Мама ложится на спину и прикрывает глаза ладонью.
- Он мне подробно не рассказывал. Думаю, он приехал, и тот парень его нанял. Парень, который всем там заправляет. Предположительно, он моложе Джоли. Сменил на посту своего отца. - Она садится. - Тебе знакомы такие люди. Чрезвычайно амбициозные, которые хотели стать фермерами, когда еще пешком под стул ходили.
- Под стол. Пешком под стол.
- Да какая разница! - вздыхает мама.
- Как ты можешь судить! - говорю я. - Ты не знаешь этого человека и совершенно не разбираешься в садоводстве.
- Ой, Ребекка, - смеется мама, - что может быть сложного в выращивании яблок?
Паром медленно разворачивается на сто восемьдесят градусов. Причал, у которого мы стояли, можно было покидать без сожаления - насколько я видела, Бриджпорт ничего особенного собой не представляет.
Казалось, что все машины в других очередях выедут раньше нас. К тому же, находясь на верхней платформе, мы не видели, двигается ли очередь.
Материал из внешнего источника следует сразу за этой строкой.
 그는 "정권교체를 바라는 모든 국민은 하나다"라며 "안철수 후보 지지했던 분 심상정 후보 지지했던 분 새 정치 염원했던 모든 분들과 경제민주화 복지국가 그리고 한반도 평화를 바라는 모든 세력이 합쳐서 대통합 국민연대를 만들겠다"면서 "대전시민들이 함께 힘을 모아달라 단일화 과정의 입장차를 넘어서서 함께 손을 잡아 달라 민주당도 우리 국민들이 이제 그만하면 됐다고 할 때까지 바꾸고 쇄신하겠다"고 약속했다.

Мы видели только стоящий впереди нас "Форд-Таурус". Машина была вся в пыли, и кто-то на заднем окне написал: "ПОМОЙ МЕНЯ". Наконец мужчина в футболке с надписью "Обслуживающий персонал" ткнул пальцем в нашу машину и показал, что мы можем продвигаться вперед. Но стоящий впереди нас "форд", вместо того чтобы ехать вперед, откатился назад. И ударил прямо в передний бампер. Я слышу лязг металла.
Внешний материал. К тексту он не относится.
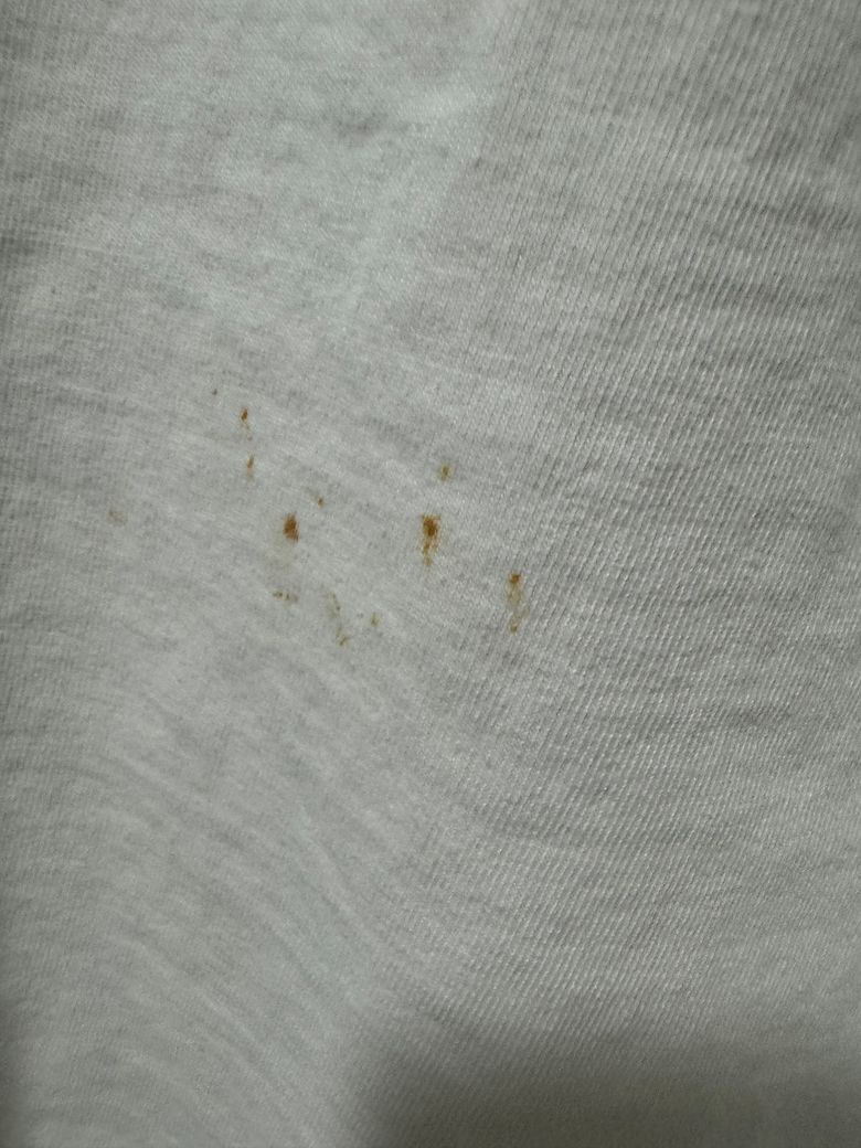 재질이 면종류이라면 잘 않지워 져요손소독제를 묻혀 문질러 보시고 않되면 과탄산소다를 얼룩에 묻히고 뜨거운물을 부어 보세요. 삶은 빨래 할때같이 거품이 나는데 시간이 수분 지난다음 빨아 보세요.

- Боже мой! - восклицает мама. - Так и знала!
- Вы что, намерены стоять здесь?
Мужчина в униформе что-то кричит, но я не слышу. Суть сказанного: проезжайте, леди. Мама съезжает с парома с висящим на соплях бампером и сворачивает направо, где ждет "форд".
Потом выходит из машины и осматривает ее, чтобы оценить ущерб.
- Ехать можно. Просто выглядим мы не очень привлекательно. - Она пытается голыми руками поставить бампер на место. - Что же ты хотела за пятьсот долларов!
Из совершенно целого, без единой царапины "форда" выбирается водитель.
- Дорогая, - восклицает он, - разумеется, я оплачу ремонт! Если хотите, могу расплатиться наличными прямо сейчас. Или отдать техпаспорт. - Он заламывает руки - так расстроился, бедняга, что становится даже смешно.
- Что ж, - отвечает мама, - ремонт обойдется долларов в четыреста. Как думаешь, милая? - спрашивает она у меня.
- Минимум. Совершенно новая машина, к тому же спортивная.
- Совершенно новая? - вздыхает собеседник. По всей видимости, он не заметил ржавчины. - Мне так жаль. Не могу передать, как я сожалею. Я не специально сдал назад. Вот дурак! Вот дурак! - Он наклоняется к нашему покореженному бамперу и проводит по нему пальцем. - С собой у меня таких денег нет, но, если вы поедете со мной, я вам отдам. Я ничуть не против заплатить наличными сразу, ничуть не против. Какой толк в старой страховке!
- У нас мало времени, - отвечает мама.
- Это по пути. Меня зовут Эрнест Элкезер, смотритель музея Барнума на Мейн-стрит. Хотя уже закрыто, я пущу вас на экскурсию, пока буду открывать сейф. Это меньшее, что я могу для вас сделать.
Мама садится за руль и заводит машину.
- Ты веришь в это? Бесплатно получили машину, так еще и премию в четыреста долларов. - Она поворачивает лицо к солнцу. - Ребекка, детка, боги нам сегодня улыбаются!
Музей Ф. Т. Барнума находится рядом с современным городским зданием. Удивительное это чувство - подойти к огромным запертым дверям и оказаться внутри. У меня такое ощущение, что я совершаю что-то недозволенное.
- Знаете, в Бриджпорте родился Генерал Том-Там, Генерал Мальчик-с-Пальчик, - говорит Элкезер. - Ростом он был всего сто два сантиметра.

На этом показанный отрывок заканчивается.